Micah Helzerman
2026
How Hard is Math? Using Quantitative Metrics to Measure LLM Alignment to Human Intuitions of Difficulty
Micah Helzerman | Steven R Wilson | Cam McLeman
Proceedings of the 64th Annual Meeting of the Association for Computational Linguistics (ACL 2026)
Micah Helzerman | Steven R Wilson | Cam McLeman
Proceedings of the 64th Annual Meeting of the Association for Computational Linguistics (ACL 2026)

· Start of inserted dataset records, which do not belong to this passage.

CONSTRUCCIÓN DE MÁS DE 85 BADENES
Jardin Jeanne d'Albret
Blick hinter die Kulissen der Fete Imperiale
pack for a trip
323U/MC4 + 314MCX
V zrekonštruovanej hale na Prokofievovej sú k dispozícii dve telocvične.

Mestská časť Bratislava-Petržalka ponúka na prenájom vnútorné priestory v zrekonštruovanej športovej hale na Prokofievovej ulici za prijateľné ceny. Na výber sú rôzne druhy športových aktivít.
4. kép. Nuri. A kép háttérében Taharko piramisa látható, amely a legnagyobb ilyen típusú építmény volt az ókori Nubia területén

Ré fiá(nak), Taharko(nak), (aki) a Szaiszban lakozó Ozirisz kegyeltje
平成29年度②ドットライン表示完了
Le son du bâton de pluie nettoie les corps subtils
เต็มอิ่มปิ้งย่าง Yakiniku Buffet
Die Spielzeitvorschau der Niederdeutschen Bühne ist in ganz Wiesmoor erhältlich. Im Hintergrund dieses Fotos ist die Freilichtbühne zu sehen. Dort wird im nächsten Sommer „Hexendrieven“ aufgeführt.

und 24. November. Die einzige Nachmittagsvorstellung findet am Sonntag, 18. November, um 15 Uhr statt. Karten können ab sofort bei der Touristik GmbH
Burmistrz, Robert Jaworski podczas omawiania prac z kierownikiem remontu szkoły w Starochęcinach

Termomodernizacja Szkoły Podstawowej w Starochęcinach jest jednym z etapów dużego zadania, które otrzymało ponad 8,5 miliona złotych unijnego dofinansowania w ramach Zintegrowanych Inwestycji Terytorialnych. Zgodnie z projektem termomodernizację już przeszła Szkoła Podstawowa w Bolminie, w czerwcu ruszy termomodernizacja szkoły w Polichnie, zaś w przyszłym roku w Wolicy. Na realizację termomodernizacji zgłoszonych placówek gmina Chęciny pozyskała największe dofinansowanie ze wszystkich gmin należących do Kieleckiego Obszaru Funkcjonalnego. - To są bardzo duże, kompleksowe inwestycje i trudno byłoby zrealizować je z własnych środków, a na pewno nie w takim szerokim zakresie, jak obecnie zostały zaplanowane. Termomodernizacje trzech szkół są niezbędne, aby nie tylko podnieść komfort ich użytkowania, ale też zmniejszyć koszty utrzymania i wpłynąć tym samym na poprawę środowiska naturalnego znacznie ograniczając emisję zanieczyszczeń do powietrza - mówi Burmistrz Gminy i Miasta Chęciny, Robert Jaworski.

Modern LLMs have demonstrated advanced reasoning skills, including the ability to solve Olympiad-level mathematics problems. While solving more and more difficult problems is a hallmark of LLM progress, less attention has been placed on how "difficulty" is operationalized in the context of LLM problem solving tasks. This is particularly relevant in educational contexts where teachers or students may ask LLMs for "easy" or "hard" questions. In this paper, we explore various quantitative measurements from LLM-generated solutions and evaluate their inter-correlations, as well as their correlation to human-annotated difficulty scores. We find moderate correlations between metrics using log probabilities and output lengths, including some that are more strongly correlated to difficulty than LLM accuracy. We also train ModernBERT to predict difficulty scores, leading to reasonable accuracy within a given benchmark, but decreased performance when generalizing to other math benchmarks. Finally, to explore connections between difficulty scores and human performance, we collect problems, human solutions, and human performance data from the Putnam competition. We find poor alignment between LLM metrics and human-assigned difficulty scores, despite strong correlations between those scores and human performance on the problems.